I move on to Amendments 20, 21 and 22 in this group. No one who supports the Bill is arguing that we expect doctors to have the gift of foresight about the length of time that someone will live for. I point out that the Bill uses a period which is commonly used in many other areas of public policy, not least in the area of welfare. If noble Lords read Section 82 of the Welfare Reform Act 2012, they will find a definition of terminal illness that is being applied by doctors day in and day out up and down the country—for those who are nerdy in these matters, it is on form DS 1500—to secure improvements in benefits because the person is terminally ill. Parliament, in the past couple of years, has passed legislation which sets out the terms of terminal illness, and doctors up and down the country are applying that legislation for the benefit of people with disabilities. The idea that the Bill is doing something different and novel in this area is, frankly, not true.

I also ask noble Lords to read the GMC guidance for doctors on issues such as end-of-life care and consent. In its admirable guidance, it is clear that there is a reasonable expectation that when a doctor thinks that someone may be terminally ill and may die before the end of 12 months, they may begin conversations with people.
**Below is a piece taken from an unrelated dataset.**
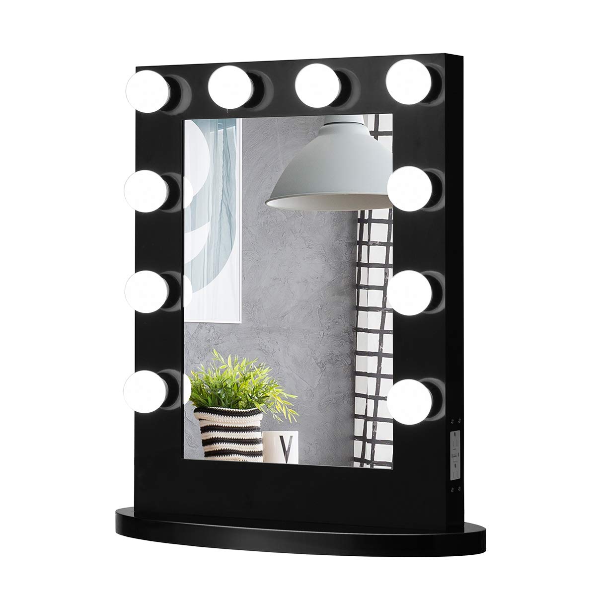 • Vanity Mirror Size: 1 x Black Hollywood makeup lighted mirror, 12 x 110V dimmable LED bulb. Mirror size ( 19.5" x 13.5" x 2.5" ) and overall size ( 23" x 10" x 27")

It is not unethical, it is not bad medical practice, where a doctor believes that someone may be terminally ill, not to do anything dramatic, but to begin to have a conversation with that person and their family. If you make it a shorter time for the person to have such conversations—six weeks, for example—all you are doing is putting enormous pressure on somebody who has had to come to terms with some catastrophic information about their life and circumstances. It would be inhumane, unfair and lacking in compassion to shorten the timescale within which doctors and their patients could have the conversations that they need to have.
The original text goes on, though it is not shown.